#### Prompt:
Please output the section of the listing below that opens with the line containing "中華丼 お皿で出てくるタイプで、野菜がいっぱい入って餡はトロトロでした。" and closes with the line containing "V nové kolekci", exactly and with nothing else.

#### Provided material:
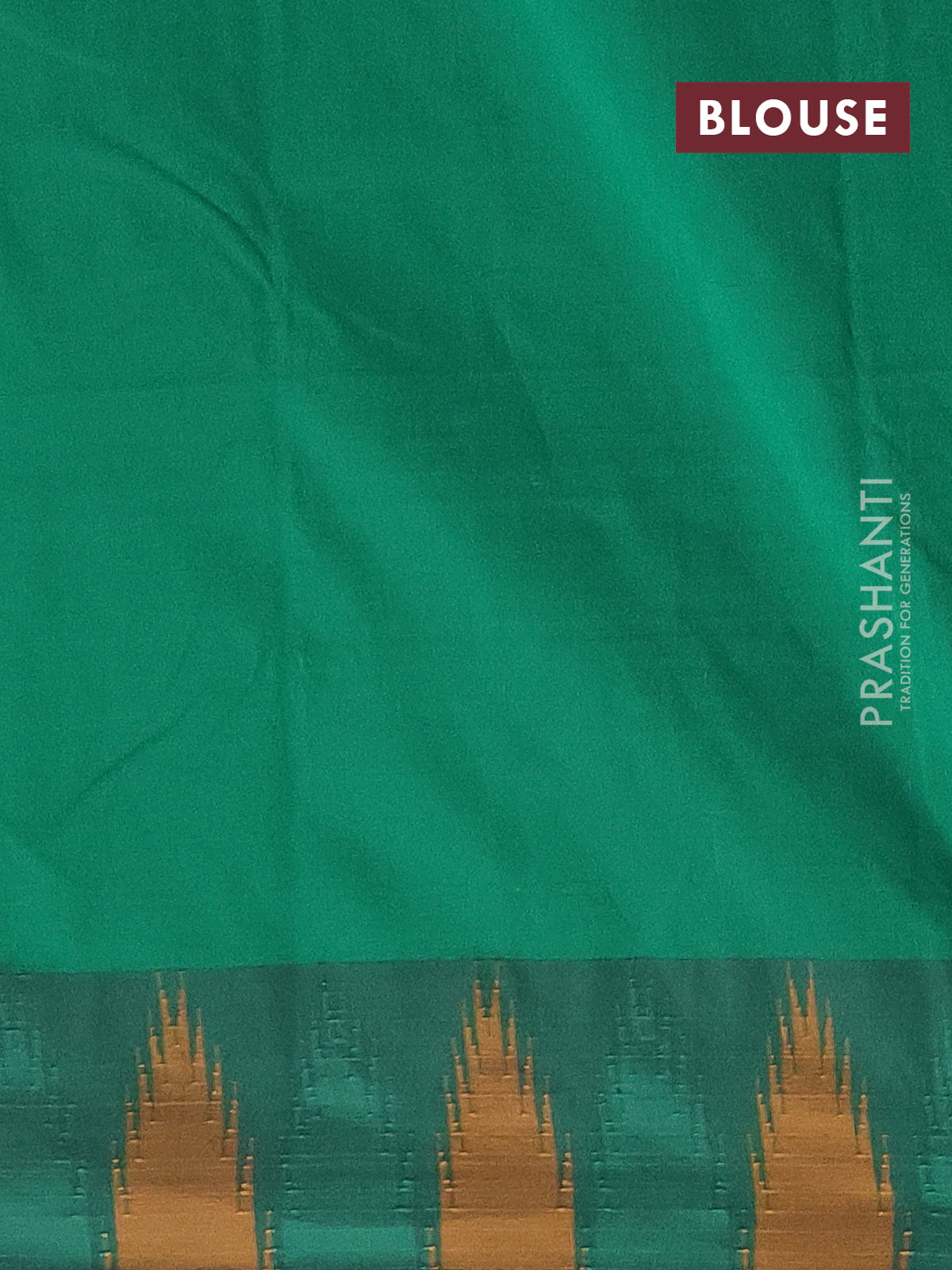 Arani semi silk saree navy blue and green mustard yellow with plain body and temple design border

---

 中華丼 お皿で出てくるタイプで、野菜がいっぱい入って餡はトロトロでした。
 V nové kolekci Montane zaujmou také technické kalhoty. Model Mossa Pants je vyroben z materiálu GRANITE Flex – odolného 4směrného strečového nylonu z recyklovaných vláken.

#### Solution for this exercise:
 中華丼 お皿で出てくるタイプで、野菜がいっぱい入って餡はトロトロでした。
 V nové kolekci Montane zaujmou také technické kalhoty. Model Mossa Pants je vyroben z materiálu GRANITE Flex – odolného 4směrného strečového nylonu z recyklovaných vláken.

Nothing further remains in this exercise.